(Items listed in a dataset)
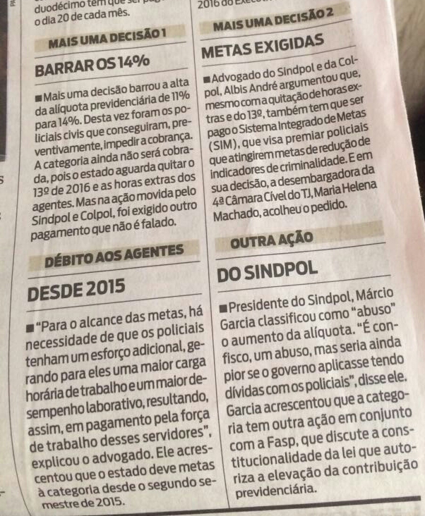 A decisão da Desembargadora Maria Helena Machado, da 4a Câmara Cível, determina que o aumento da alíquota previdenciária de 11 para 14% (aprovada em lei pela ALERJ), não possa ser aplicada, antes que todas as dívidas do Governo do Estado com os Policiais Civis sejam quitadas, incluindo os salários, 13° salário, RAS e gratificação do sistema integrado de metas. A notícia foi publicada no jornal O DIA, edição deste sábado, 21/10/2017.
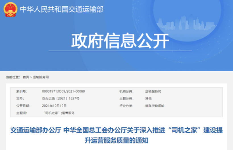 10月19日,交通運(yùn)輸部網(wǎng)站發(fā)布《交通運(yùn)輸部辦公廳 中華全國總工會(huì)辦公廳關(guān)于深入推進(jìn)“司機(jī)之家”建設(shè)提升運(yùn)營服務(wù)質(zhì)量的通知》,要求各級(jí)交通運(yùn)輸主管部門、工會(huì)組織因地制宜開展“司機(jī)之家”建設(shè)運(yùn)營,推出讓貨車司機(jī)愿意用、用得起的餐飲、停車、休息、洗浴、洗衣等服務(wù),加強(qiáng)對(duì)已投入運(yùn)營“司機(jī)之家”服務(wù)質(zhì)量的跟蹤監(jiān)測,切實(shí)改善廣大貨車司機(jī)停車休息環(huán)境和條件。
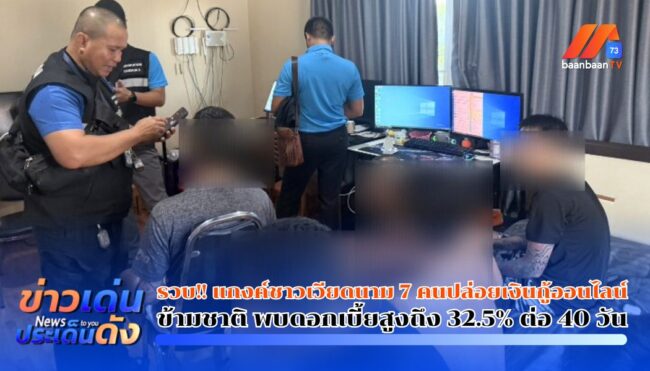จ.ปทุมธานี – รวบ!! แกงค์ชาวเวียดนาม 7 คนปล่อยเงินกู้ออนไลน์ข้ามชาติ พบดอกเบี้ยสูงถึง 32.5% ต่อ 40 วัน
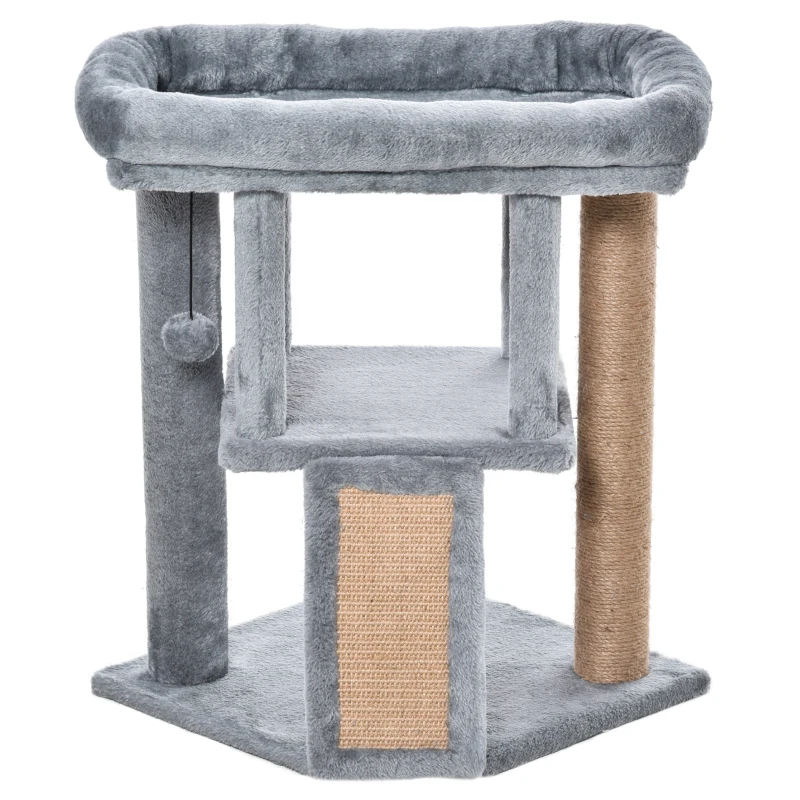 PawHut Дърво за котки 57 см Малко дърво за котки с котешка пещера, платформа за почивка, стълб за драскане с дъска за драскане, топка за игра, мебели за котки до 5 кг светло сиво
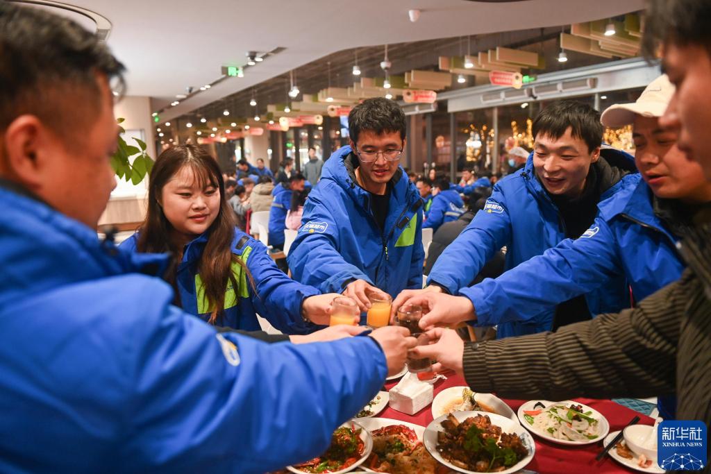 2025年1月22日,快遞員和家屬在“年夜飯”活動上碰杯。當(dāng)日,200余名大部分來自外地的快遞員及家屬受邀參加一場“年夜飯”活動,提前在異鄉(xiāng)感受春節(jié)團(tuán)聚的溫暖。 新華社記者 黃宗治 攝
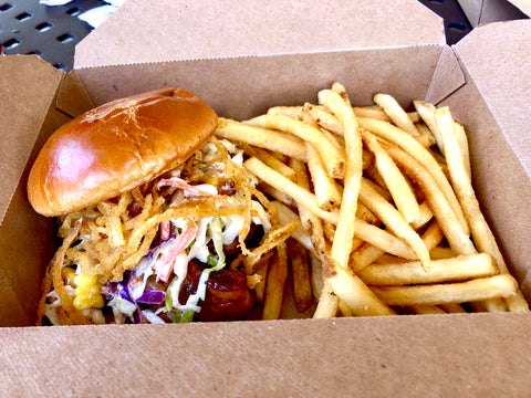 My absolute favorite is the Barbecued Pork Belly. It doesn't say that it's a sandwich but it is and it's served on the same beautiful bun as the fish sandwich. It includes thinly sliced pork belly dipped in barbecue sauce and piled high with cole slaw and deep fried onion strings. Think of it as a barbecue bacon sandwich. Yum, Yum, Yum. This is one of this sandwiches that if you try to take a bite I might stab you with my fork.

• **Exercise instructions**
In your copy, omit the pictures and restate every line of the data word for word.

• **Result**
 A decisão da Desembargadora Maria Helena Machado, da 4a Câmara Cível, determina que o aumento da alíquota previdenciária de 11 para 14% (aprovada em lei pela ALERJ), não possa ser aplicada, antes que todas as dívidas do Governo do Estado com os Policiais Civis sejam quitadas, incluindo os salários, 13° salário, RAS e gratificação do sistema integrado de metas. A notícia foi publicada no jornal O DIA, edição deste sábado, 21/10/2017.
 10月19日,交通運(yùn)輸部網(wǎng)站發(fā)布《交通運(yùn)輸部辦公廳 中華全國總工會(huì)辦公廳關(guān)于深入推進(jìn)“司機(jī)之家”建設(shè)提升運(yùn)營服務(wù)質(zhì)量的通知》,要求各級(jí)交通運(yùn)輸主管部門、工會(huì)組織因地制宜開展“司機(jī)之家”建設(shè)運(yùn)營,推出讓貨車司機(jī)愿意用、用得起的餐飲、停車、休息、洗浴、洗衣等服務(wù),加強(qiáng)對(duì)已投入運(yùn)營“司機(jī)之家”服務(wù)質(zhì)量的跟蹤監(jiān)測,切實(shí)改善廣大貨車司機(jī)停車休息環(huán)境和條件。
จ.ปทุมธานี – รวบ!! แกงค์ชาวเวียดนาม 7 คนปล่อยเงินกู้ออนไลน์ข้ามชาติ พบดอกเบี้ยสูงถึง 32.5% ต่อ 40 วัน
 PawHut Дърво за котки 57 см Малко дърво за котки с котешка пещера, платформа за почивка, стълб за драскане с дъска за драскане, топка за игра, мебели за котки до 5 кг светло сиво
 2025年1月22日,快遞員和家屬在“年夜飯”活動上碰杯。當(dāng)日,200余名大部分來自外地的快遞員及家屬受邀參加一場“年夜飯”活動,提前在異鄉(xiāng)感受春節(jié)團(tuán)聚的溫暖。 新華社記者 黃宗治 攝
 My absolute favorite is the Barbecued Pork Belly. It doesn't say that it's a sandwich but it is and it's served on the same beautiful bun as the fish sandwich. It includes thinly sliced pork belly dipped in barbecue sauce and piled high with cole slaw and deep fried onion strings. Think of it as a barbecue bacon sandwich. Yum, Yum, Yum. This is one of this sandwiches that if you try to take a bite I might stab you with my fork.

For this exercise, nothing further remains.